Keen readers will have noted that back in 2002, Rumsfeld left an obvious category undiscussed – the unknown knowns. Psychoanalysts and historians can surely speculate profitably on what would have motivated that particular oversight. This category would describe those facts which are evident, but which we refuse to acknowledge. In his debut essay for Working Notes, the new JCFJ Social Policy Advocate, Keith Adams, raises the possibility that the Irish NGO sector is dealing with a risk of this kind. His essay, “In Evidence we Trust,” illustrates that the risk posed by the blind spot may be the most dangerous of all. Adams, harnesses years of experience within the policy sector, questioning the philosophical and methodological robustness of the evidence generated within many “evidence-based” policy interventions. This provocative argument calls everyone in the policy sector in Ireland to reflect self-critically on how our best methods, deployed casually, risk creating a self-justifying loop.
Risk is unavoidable. It is the nature of time that we draw on past experience, in the present, to try to make the best decisions possible for a future that we do not know. Invariably, we find known threats are quickly joined by unknown risks. All we know is that we know these unknown problems will arise.
Risk is inescapable, but how we respond to that knowledge is within our control. We find ourselves perpetually suspended between what we know, what we do not know, what we cannot know, and what we choose not to know. This may be uncomfortable territory for those involved in public policy conversations, but it is home-ground for Christian reflection. Most famously in Søren Kierkegaard, Christianity has long and rich intellectual traditions that emerge out of the recognition that all our commitments invariably entail real risk. The missing dimensions that allow us to navigate that risk successfully is trust. In Fear and Trembling, Kierkegaard famously interprets, and reinterprets, and then interprets again one of the biblical passages that modern readers find most troublesome, the Aqedah – the story of Abraham binding his son, Isaac (Genesis 22:1-19).2 The Danish philosopher comes at the story from different angles and raises a range of moral problems and in the end successfully shatters our trust that serious decisions will be straightforward. The supreme ethical risk is complacency. Where we put our trust is a matter of first importance.

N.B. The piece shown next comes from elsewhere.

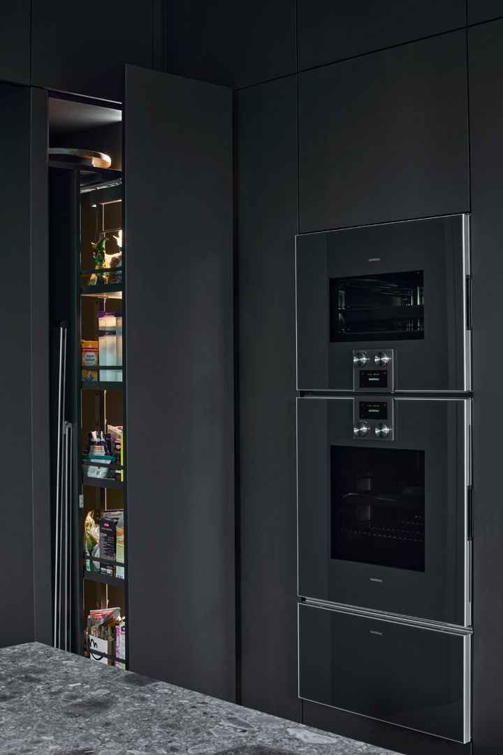 Bora, Weinkühlschrank, Quooker, Geschirrspüler Miele, GAGGENAU Dampfbackofen Anthrazit, Pyrolyse-Backofen anthrazit und Wärmeschublade, LIEBHERR Einbaukühl-Gefrier-Kombi und Einbaukühlschrank, Miele ProfiLine, Spülbecken KeraDomo Mera 80 U/g Lava von systemceram, Unterbauspüle in Keramic Farbton Lava, Ablaufgarnitur mit Handbetätigung

In a world of real risk, having relationships and connections we can trust makes all the difference. Heron Belfon is calling us to a global commitment that the people of the Caribbean can trust. Joe Larragy is exploring how the assumptions we used to trust about ageing are increasingly fragile. Kevin Hargaden suggests we cannot trust ourselves, Margaret McGaley warns we should not trust the techno-giants, and Keith Adams decisively calls our shared trusts into question.
Rumsfeld stumbled into his profundity while helping to weave a most elaborate public lie. That was a risk no one could have anticipated! In an age of climate and ecological breakdown, thinking seriously about threats, risks, and how they relate to our assumptions is a critical task for everyone concerned with public policy and social justice.
Footnotes
1. Donald Rumsfeld, “Defense.Gov Transcript: DoD News Briefing – Secretary Rumsfeld and Gen. Myers” (US Department of Defense, February 12, 2002),
2. Søren Kierkegaard, Fear and Trembling (London: Penguin, 2003).